## WHAT IS REQUIRED
Skip the pictures. Set down, word for word, the lines from the start of the material up to and including the line with "目标检测这就耗费了大量的时候".

## DATASET ENTRIES
+ + + + + + +

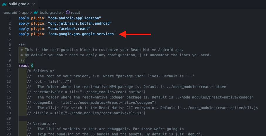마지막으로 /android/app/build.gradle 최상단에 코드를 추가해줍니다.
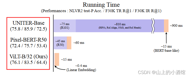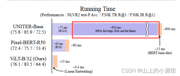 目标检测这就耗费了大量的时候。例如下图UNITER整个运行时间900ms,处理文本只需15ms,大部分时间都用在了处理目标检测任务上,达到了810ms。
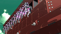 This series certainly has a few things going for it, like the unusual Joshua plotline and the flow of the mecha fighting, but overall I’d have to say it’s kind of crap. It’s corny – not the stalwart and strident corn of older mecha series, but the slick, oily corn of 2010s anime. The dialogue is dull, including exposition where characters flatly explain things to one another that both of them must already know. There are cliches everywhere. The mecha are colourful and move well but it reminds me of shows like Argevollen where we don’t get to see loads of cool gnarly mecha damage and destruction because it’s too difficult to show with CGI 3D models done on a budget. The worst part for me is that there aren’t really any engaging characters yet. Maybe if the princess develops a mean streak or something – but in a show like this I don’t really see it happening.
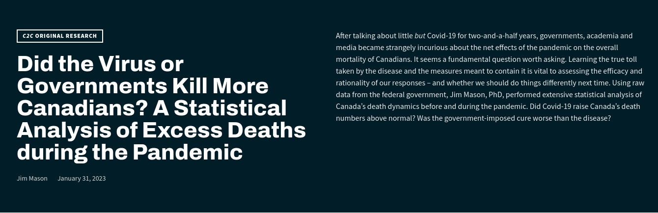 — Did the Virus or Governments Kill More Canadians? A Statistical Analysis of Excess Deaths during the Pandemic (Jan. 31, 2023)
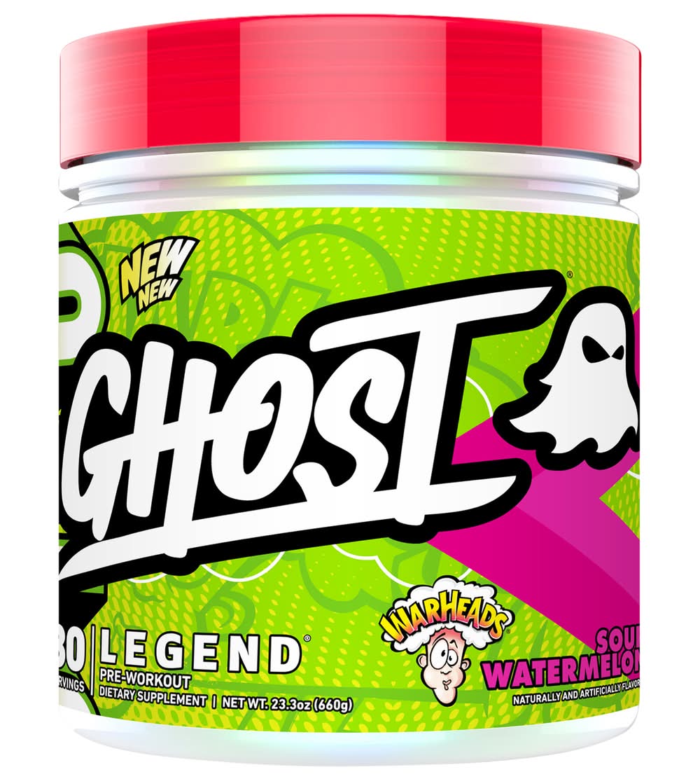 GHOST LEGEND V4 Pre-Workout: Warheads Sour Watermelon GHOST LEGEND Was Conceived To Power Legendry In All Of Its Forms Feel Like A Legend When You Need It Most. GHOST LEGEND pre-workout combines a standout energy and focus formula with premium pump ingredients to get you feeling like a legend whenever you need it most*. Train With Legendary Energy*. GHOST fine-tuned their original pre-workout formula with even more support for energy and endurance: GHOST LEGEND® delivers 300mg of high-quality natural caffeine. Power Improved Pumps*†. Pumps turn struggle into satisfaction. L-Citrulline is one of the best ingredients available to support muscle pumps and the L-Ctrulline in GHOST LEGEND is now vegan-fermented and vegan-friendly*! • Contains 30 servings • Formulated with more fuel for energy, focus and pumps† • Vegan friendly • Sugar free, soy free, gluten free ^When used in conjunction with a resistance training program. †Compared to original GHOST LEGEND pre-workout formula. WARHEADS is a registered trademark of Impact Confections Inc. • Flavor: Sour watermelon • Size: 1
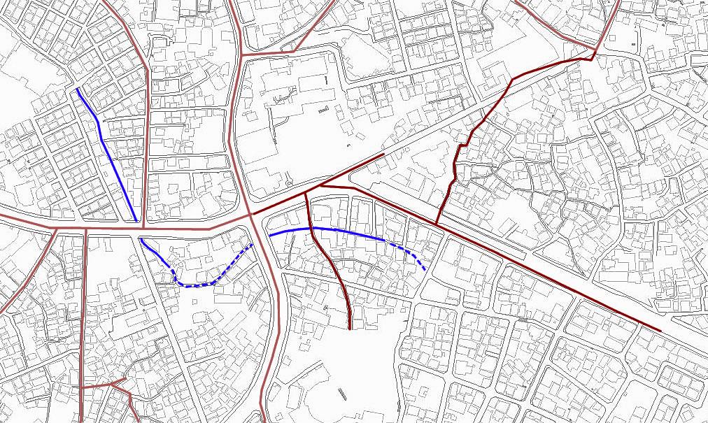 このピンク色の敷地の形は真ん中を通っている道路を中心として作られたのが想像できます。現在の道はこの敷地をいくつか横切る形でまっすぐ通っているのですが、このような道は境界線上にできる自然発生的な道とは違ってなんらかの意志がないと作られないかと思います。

+ + + + + + +

## SOLVED PROBLEM
마지막으로 /android/app/build.gradle 최상단에 코드를 추가해줍니다.
 目标检测这就耗费了大量的时候。例如下图UNITER整个运行时间900ms,处理文本只需15ms,大部分时间都用在了处理目标检测任务上,达到了810ms。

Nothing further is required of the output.